* TASK DETAILS *
Find, in the records below, the line that contains "ブルーセーター スプリングルーズスタイルVネックニットトップス ロング" and the line that contains "आज मिति २०७०". Copy those two lines and everything between them exactly, but not the pictures.

* MATERIAL PROVIDED *
......

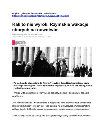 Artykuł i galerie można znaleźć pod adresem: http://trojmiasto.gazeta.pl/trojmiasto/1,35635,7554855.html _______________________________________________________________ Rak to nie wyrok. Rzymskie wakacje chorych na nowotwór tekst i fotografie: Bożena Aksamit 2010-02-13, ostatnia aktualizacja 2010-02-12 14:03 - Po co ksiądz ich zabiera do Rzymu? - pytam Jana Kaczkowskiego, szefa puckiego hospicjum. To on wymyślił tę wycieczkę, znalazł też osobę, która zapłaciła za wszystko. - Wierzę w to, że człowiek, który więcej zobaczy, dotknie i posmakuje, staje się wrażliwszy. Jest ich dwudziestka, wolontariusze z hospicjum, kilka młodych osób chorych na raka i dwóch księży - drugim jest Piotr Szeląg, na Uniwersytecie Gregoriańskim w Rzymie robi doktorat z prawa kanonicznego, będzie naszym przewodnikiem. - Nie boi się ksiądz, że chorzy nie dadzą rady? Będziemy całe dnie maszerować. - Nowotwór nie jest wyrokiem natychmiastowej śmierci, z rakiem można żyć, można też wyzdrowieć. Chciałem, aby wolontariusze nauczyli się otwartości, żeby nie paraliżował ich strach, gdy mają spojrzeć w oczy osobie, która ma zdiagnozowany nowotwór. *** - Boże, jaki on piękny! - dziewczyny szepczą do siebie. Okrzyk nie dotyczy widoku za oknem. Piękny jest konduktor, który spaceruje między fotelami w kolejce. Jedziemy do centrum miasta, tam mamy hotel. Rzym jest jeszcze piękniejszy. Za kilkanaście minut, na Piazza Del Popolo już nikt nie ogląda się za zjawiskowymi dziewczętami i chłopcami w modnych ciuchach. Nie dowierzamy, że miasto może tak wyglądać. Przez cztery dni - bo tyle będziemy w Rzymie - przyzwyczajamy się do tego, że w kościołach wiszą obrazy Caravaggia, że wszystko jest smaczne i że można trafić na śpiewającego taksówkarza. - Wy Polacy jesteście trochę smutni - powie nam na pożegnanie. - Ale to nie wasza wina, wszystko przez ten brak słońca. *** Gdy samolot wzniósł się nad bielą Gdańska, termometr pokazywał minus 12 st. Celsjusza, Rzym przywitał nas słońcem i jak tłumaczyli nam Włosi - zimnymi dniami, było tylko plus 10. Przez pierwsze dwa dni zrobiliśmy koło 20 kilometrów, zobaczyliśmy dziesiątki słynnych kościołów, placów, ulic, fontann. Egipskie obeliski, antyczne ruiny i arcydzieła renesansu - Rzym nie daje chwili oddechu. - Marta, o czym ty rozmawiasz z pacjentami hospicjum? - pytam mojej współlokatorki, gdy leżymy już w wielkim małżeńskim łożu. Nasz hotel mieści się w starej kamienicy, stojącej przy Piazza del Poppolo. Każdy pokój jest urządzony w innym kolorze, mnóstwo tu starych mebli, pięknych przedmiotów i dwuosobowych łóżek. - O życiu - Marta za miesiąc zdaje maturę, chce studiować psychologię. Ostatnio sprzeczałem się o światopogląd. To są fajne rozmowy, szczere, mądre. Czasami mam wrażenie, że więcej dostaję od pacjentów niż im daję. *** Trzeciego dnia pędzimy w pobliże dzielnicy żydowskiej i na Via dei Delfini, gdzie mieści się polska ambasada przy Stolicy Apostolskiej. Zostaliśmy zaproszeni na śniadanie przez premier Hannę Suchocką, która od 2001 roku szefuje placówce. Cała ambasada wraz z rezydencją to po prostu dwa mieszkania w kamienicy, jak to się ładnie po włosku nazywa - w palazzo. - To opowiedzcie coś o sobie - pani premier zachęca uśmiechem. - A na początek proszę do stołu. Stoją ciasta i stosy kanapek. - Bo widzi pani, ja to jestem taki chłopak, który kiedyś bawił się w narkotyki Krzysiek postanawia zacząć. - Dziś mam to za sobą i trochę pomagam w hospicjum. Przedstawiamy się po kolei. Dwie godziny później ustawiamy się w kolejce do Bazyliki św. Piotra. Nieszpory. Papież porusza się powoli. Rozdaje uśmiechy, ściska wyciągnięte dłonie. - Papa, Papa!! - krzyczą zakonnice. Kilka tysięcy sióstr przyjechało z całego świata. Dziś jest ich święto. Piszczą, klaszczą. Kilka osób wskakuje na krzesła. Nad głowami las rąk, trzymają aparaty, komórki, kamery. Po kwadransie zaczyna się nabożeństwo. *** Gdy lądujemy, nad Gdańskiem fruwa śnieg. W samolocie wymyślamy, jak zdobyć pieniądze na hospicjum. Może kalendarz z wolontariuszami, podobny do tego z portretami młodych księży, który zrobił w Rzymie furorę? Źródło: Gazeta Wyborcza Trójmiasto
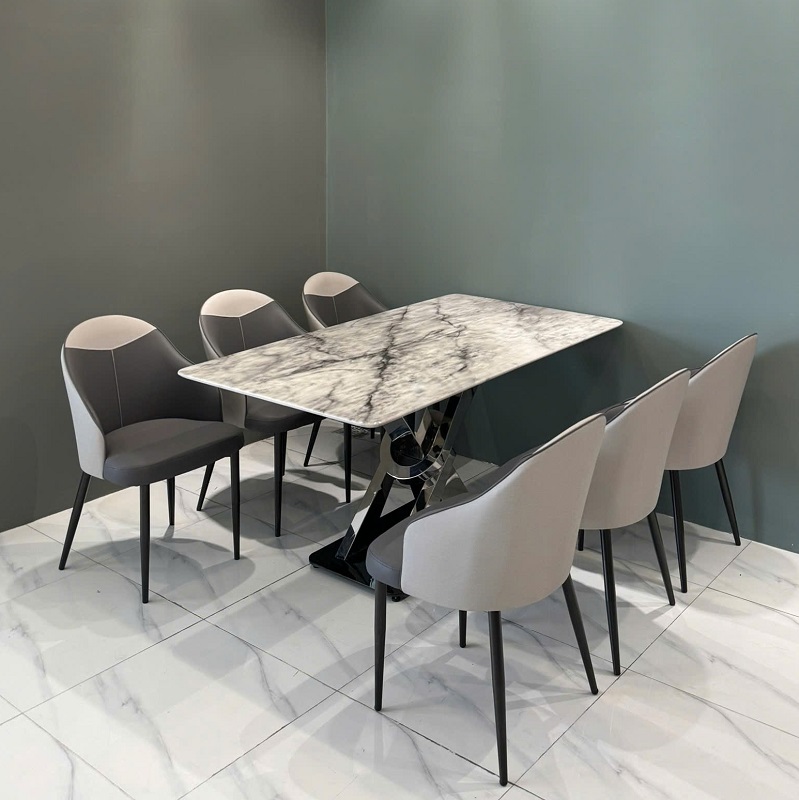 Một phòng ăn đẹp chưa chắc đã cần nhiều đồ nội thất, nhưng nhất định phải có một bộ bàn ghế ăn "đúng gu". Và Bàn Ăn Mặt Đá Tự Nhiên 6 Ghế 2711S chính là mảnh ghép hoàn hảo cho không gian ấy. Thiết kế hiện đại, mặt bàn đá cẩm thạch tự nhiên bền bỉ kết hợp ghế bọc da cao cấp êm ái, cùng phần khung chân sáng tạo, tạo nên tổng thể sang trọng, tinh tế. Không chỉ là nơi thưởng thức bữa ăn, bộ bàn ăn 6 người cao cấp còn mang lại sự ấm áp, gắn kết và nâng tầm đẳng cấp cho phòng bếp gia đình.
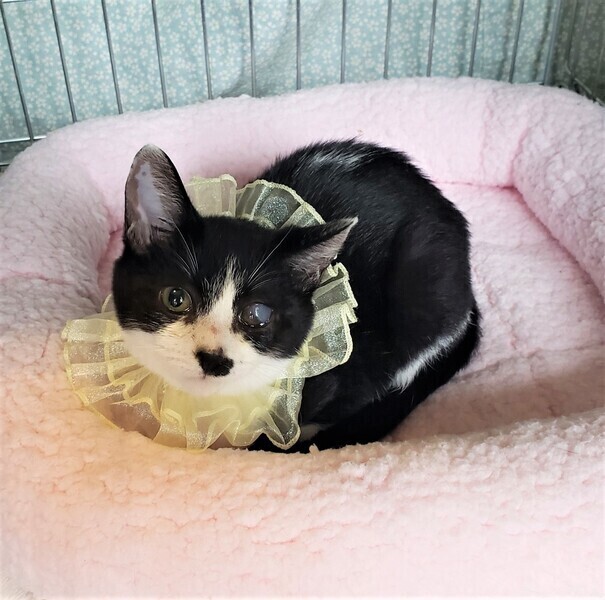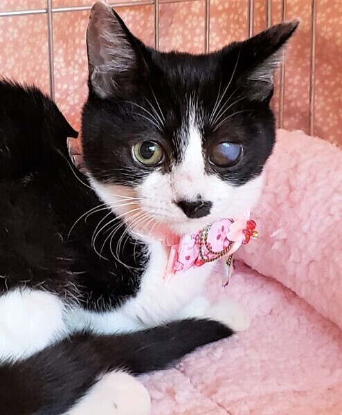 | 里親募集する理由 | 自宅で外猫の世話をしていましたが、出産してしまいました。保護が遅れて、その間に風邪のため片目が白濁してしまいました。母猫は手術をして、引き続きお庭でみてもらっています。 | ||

......

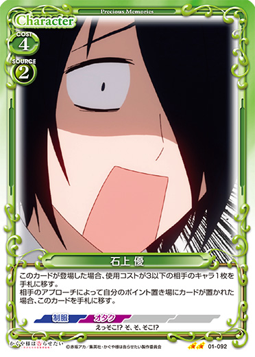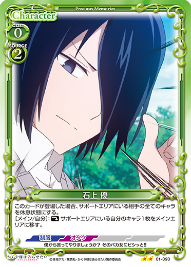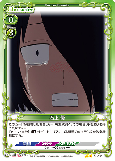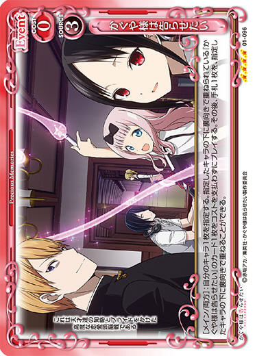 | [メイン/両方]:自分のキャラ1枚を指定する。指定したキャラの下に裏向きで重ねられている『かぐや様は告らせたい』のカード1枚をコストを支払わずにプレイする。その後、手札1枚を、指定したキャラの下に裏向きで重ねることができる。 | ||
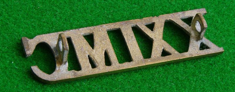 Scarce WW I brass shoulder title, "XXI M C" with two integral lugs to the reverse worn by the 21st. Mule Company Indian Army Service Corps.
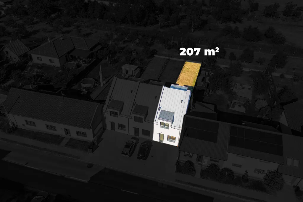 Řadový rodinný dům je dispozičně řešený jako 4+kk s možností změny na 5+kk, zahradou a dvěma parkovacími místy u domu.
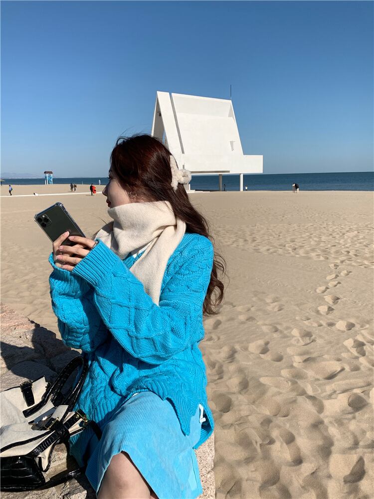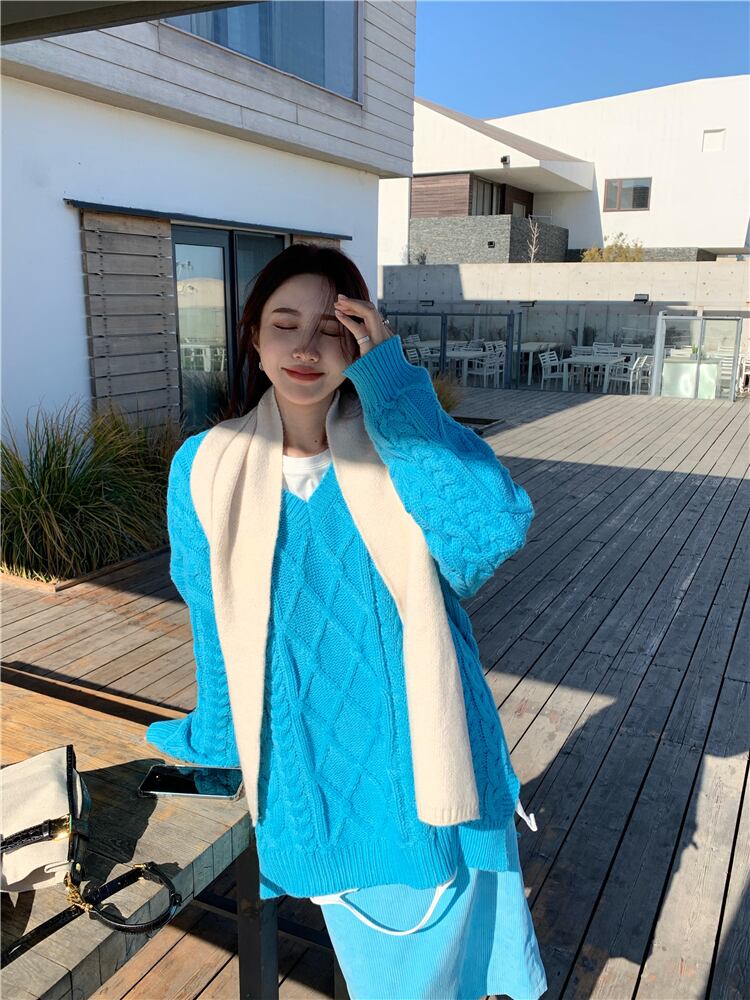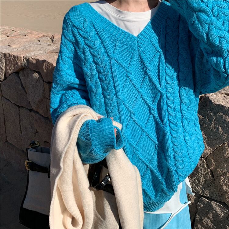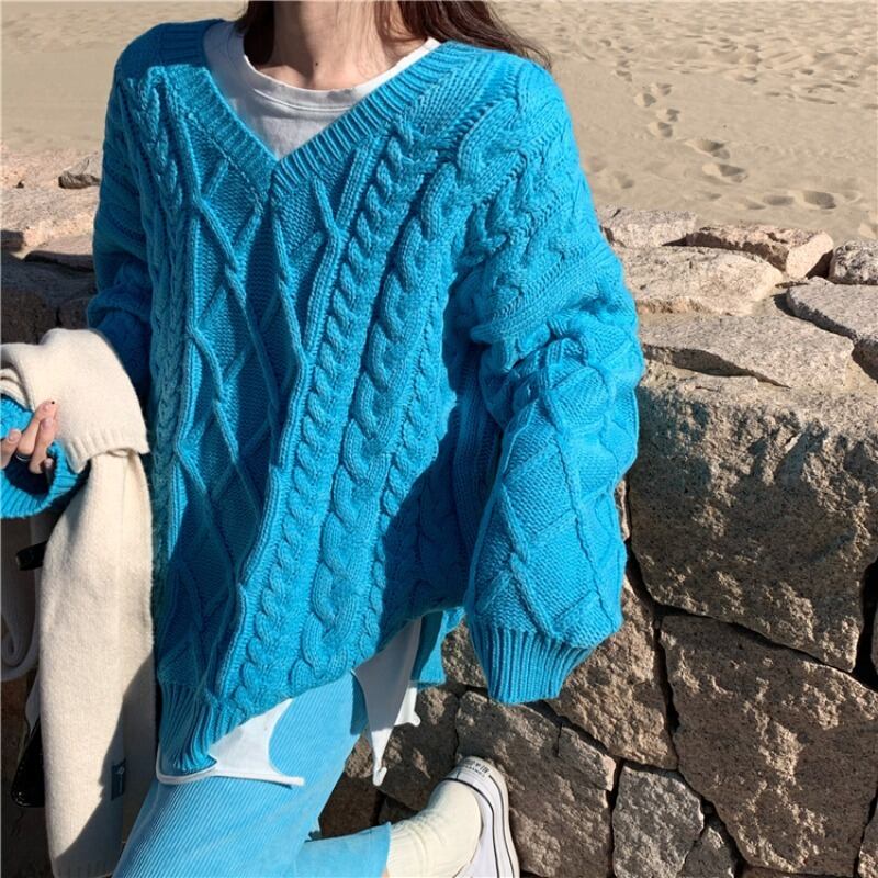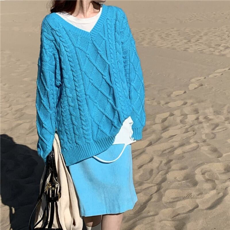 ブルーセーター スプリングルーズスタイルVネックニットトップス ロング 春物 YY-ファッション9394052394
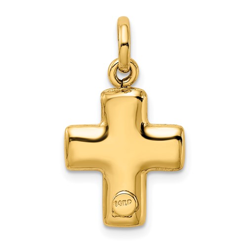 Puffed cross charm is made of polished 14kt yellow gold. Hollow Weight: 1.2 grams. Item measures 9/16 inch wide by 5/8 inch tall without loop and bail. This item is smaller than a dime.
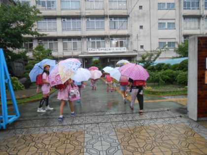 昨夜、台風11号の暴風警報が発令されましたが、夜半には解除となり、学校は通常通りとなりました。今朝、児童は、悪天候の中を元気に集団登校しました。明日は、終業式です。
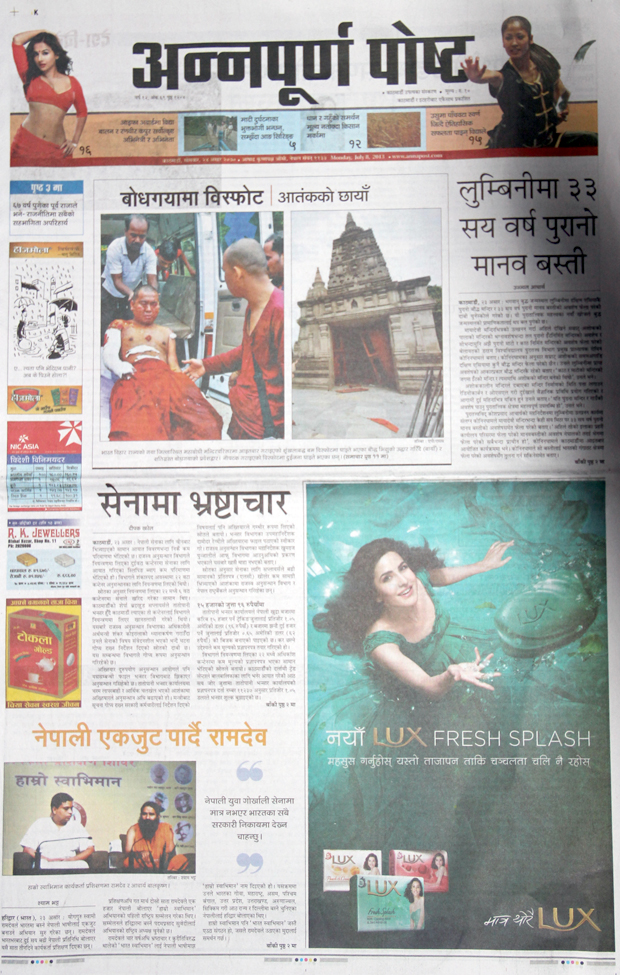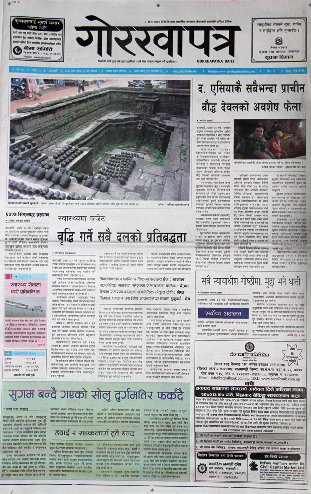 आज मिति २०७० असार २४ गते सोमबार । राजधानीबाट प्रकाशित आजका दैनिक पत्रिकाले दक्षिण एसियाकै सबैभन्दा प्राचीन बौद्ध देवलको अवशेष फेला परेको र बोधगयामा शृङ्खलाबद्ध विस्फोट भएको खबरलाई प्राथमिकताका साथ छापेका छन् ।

......

* WORKED SOLUTION *
 ブルーセーター スプリングルーズスタイルVネックニットトップス ロング 春物 YY-ファッション9394052394
 Puffed cross charm is made of polished 14kt yellow gold. Hollow Weight: 1.2 grams. Item measures 9/16 inch wide by 5/8 inch tall without loop and bail. This item is smaller than a dime.
 昨夜、台風11号の暴風警報が発令されましたが、夜半には解除となり、学校は通常通りとなりました。今朝、児童は、悪天候の中を元気に集団登校しました。明日は、終業式です。
 आज मिति २०७० असार २४ गते सोमबार । राजधानीबाट प्रकाशित आजका दैनिक पत्रिकाले दक्षिण एसियाकै सबैभन्दा प्राचीन बौद्ध देवलको अवशेष फेला परेको र बोधगयामा शृङ्खलाबद्ध विस्फोट भएको खबरलाई प्राथमिकताका साथ छापेका छन् ।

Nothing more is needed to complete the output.